You do not need to redo any machine learning jobs after enabling hardware acceleration. The acceleration device will be used for any jobs that run after enabling it.
- Make sure you have the appropriate linux kernel driver installed
- This is usually pre-installed on the device vendor's Linux images
-`/dev/mali0` must be available in the host server
- You may confirm this by running `ls /dev` to check that it exists
- You must have the closed-source `libmali.so` firmware (possibly with an additional firmware file)
- Where and how you can get this file depends on device and vendor, but typically, the device vendor also supplies these
- The `hwaccel.ml.yml` file assumes the path to it is `/usr/lib/libmali.so`, so update accordingly if it is elsewhere
- The `hwaccel.ml.yml` file assumes an additional file `/lib/firmware/mali_csffw.bin`, so update accordingly if your device's driver does not require this file
- The GPU must be supported by ROCm. If it isn't officially supported, you can attempt to use the `HSA_OVERRIDE_GFX_VERSION` environmental variable: `HSA_OVERRIDE_GFX_VERSION=<a supported version, e.g. 10.3.0>`. If this doesn't work, you might need to also set `HSA_USE_SVM=0`.
- The ROCm image is quite large and requires at least 35GiB of free disk space. However, pulling later updates to the service through Docker will generally only amount to a few hundred megabytes as the rest will be cached.
- This backend is new and may experience some issues. For example, GPU power consumption can be higher than usual after running inference, even if the machine learning service is idle.
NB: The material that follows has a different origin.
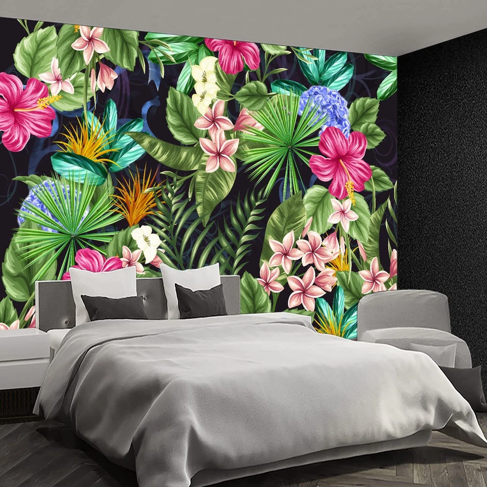 Why choose murals? individuality wallpaper VS traditional wallpaper 1.Our murals are different from ordinary wallpapers, we them individuality murals. individuality mural patterns can be colorful, traditional wallpaper patterns are very monotonous 2.He is the same as the traditional wallpaper construction method. 3.The traditional wallpaper will be broken as soon as it is torn, and the individuality wallpaper is made of good raw materials, and it will not be damaged no matter how it is torn. individuality wallpaper VS self-adhesive wallpaper Self-adhesive, he does have an advantage, that is, construction does not require auxiliary materials, just peel and paste. However, he also has many shortcomings. 1.He falls off easily, as fast as a few days. After all, self-adhesive glue is no match for heavy-duty wallpaper glue. There is no doubt about this. 2. Wrinkles appear in the installation of self-adhesive wallpaper, and it is directly scrapped. individuality wallpaper installation wrinkles, just scrape them off. 3.The so-called "removable wallpaper" of stickers is actually a lie. Any wallpaper, as long as it is attached to the wall, is impossible to tear off and continue to use. 4.The picture texture and color saturation of self-adhesive wallpapers are not as good as those of individuality wallpaper materials. Customers who have bought should know. Currently we have many style wallpapers. For example: forests, sandy beaches, cities, flowers, banana leaves, jungles, landscapes, cartoons, 3d murals, each series has many pictures for everyone to choose from. At the same time, More style wallpapers are being updated, so stay tuned. Thanks! It has to be said here that the effect of many customers after construction is very good and perfect. You get what you want and you are the best. murals love you. Size:the mural measures W108"xH75" divided into 21.6"x75"x5 parts Material:the raw material for our murals is fabric Features:high toughness, not easy to damage. waterproof and stain resistant, easy to take care of. Style:flowers,black,floral,tropical,botanical,banana leaf,plant, Whether self-adhesive:not peel and stick. recommended use heavy duty wallpaper adhesive Applicable scenarios:home,bedroom,living room,meditation room,office,interior decor. Installation instructions:there is a serial number under the mural, you can match it directly.
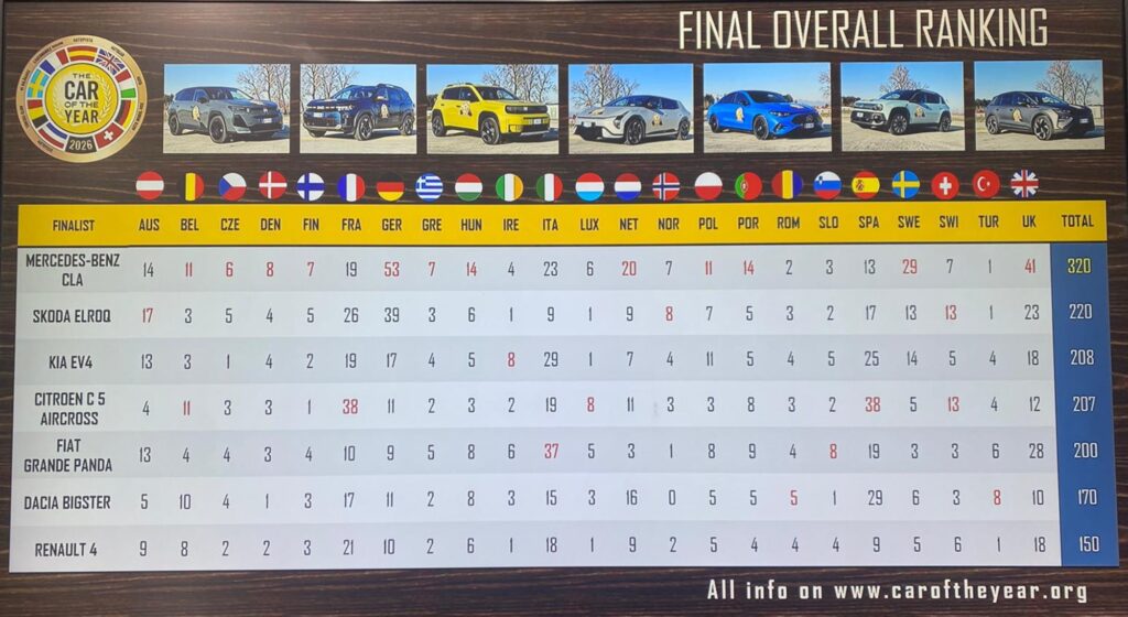 Voiture de l'Année 2026 (COTY) : Mercedes dame le pion à Renault (+ classement)

In this case, it will only go back to normal after being idle for 5 minutes (configurable with the [MACHINE_LEARNING_MODEL_TTL](/install/environment-variables) setting).
- In particular, setting `MACHINE_LEARNING_RKNN_THREADS` to 2 or 3 can _dramatically_ improve performance for RK3576 and RK3588 compared to the default of 1, at the expense of multiplying the amount of RAM each model uses by that amount.
You can confirm the device is being recognized and used by checking its utilization. There are many tools to display this, such as `nvtop` for NVIDIA or Intel, `intel_gpu_top` for Intel, and `radeontop` for AMD.
You can also check the logs of the `immich-machine-learning` container. When a Smart Search or Face Detection job begins, or when you search with text in Immich, you should either see a log for `Available ORT providers` containing the relevant provider (e.g. `CUDAExecutionProvider` in the case of CUDA), or a `Loaded ANN model` log entry without errors in the case of ARM NN.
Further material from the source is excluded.